Esri / geoportal-server-harvester

Metadata Harvester for Esri Geoportal Server
http://esri.github.io/geoportal-server/
Apache License 2.0
31 stars 25 forks source link

Feat/sdsc/folder big #76

Closed valentinedwv closed 6 years ago

valentinedwv commented 6 years ago

Split into smaller folders when harvest is large

pandzel-zz commented 6 years ago

David, I need a little bit of the information regarding the context of this pull request, like:

Looking forward for your input.

valentinedwv commented 6 years ago

If a harvest has 10's to 100'k records, storing in a single folder is a large performance hit, aka slow performance to list all files.

Limiting # files in folder to < 10k solves this issue.

hold on, not fully working.

valentinedwv commented 6 years ago

Sanitized file names

valentinedwv commented 6 years ago

ready

pandzel-zz commented 6 years ago

Looks like file LargeDataSetDirectoryAssigner class is/was part of another project authored by bozyurt on 12/1/15. Is there a reference to that project? What is the license for that code?

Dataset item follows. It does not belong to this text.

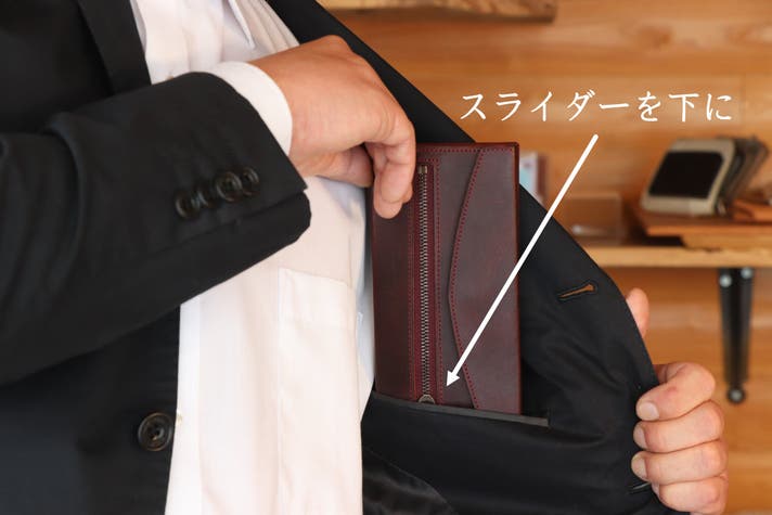 お札の高さギリギリに設計していますので、お財布を閉める際はお札の上部がはみ出していないことをご確認ください。

valentinedwv commented 6 years ago

Is part of our processing pipeline: https://github.com/CINERGI/Foundry/blob/master/LICENSE.md

zguo commented 6 years ago

Thanks for the contribution, will it be possible to provide it under apache 2.0 license or BSD or MIT? As the product will be used by commercial users as well, the following language in the license would be a concern:

Permission to make commercial use of this software may be obtained by contacting: Technology Transfer Office 9500 Gilman Drive, Mail Code 0910 University of California La Jolla, CA 92093-0910 (858) 534-5815invent@ucsd.edu

Thanks,

valentinedwv commented 6 years ago

Apache 2 is fine

zguo commented 6 years ago

great, thanks!